# schaltplan für fernseher



## grizzlyco (11 April 2005)

hallo zusammen ich brauche mal für etwas anderes eure hilfe. Wo kriege ich schaltpläne für fernseher her? genauer für BEKO Model TVB-3211 SN 81100008.


wenn ihr mir helfen könntet wär das echt super.

MfG 
Grizzly


----------



## Mario (13 April 2005)

*schaltplan*

schaltplandienst münchen   oder   schaltplandiest berlien

adressen weiß ich im moment nicht aber einfach mal googeln
wenn nicht !         
 einfach mal melden , dann werde ich die adressen raussuchen

mfg mario


----------



## lorenz2512 (13 April 2005)

Hallo,
ELV hat auch einen Schaltplandienst.

mfg
dietmar


----------



## Anonymous (6 Mai 2005)

Falls das noch aktuell sein sollte:
welches Chassis hat der? Unter Umständen habe ich was passendes.
(Übliche Chassisbezeichnung bei den Dönerkisten lauten z.B. 10.1, 12.6....)
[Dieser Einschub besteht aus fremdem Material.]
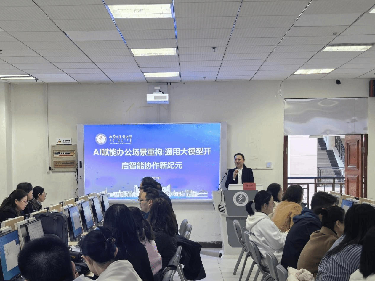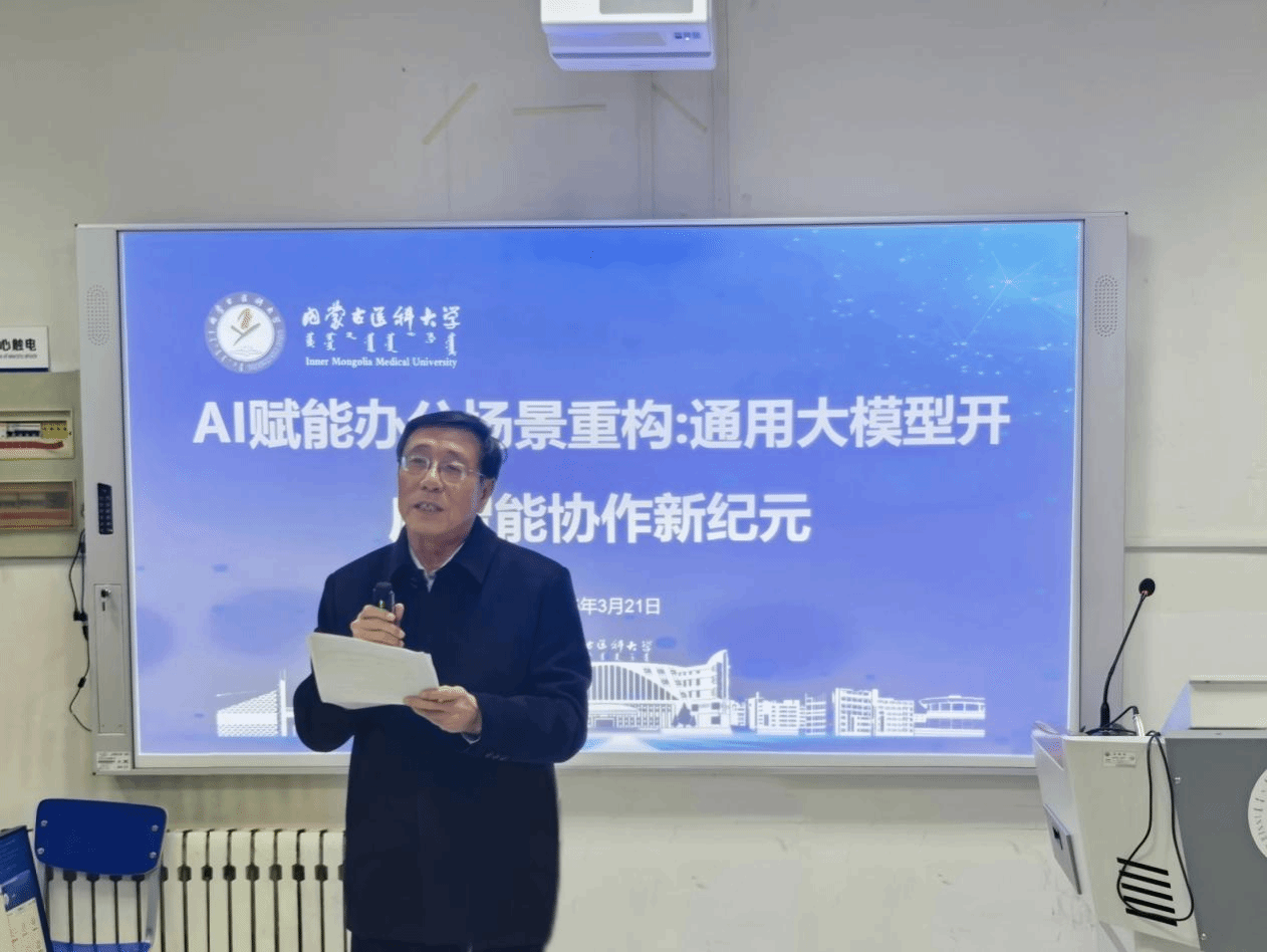 2025年3月21日,基础医学院联合计算机信息学院在金山校区图书馆计算机2号机房成功举办了主题为“AI赋能办公场景重构:通用大模型开启智能协作新纪元”的教师班。基础医学院党委书记李志明、计算机信息学院院长宁鹏飞出席开班仪式,基础医学院和计算机信息学院部分教师参加培训。计算机信息学院党总支副书记、副院长苑宁萍主持开班仪式。

Der Lange in Berlin (siehe oben): www.schaltungsdienst.de

ELV bezieht die Pläne soweit ich weiß auch nur vom Lange.


----------



## grizzlyco (6 Mai 2005)

045.651.11
ist das die nummer?
lange hat leider keinen plan für diesen fernseher


----------



## Oberchefe (6 Mai 2005)

nein, das ist nicht die Chassisbezeichnung. Kannst Du mal ein Bild vom Chassis machen?


----------



## Kurt (7 Mai 2005)

du kannst es auch hier versuchen
http://www.elektroda.pl/rtvforum/forums.html
Rubrik *TV*
Boardsprache ist aber polnisch.

kurt


----------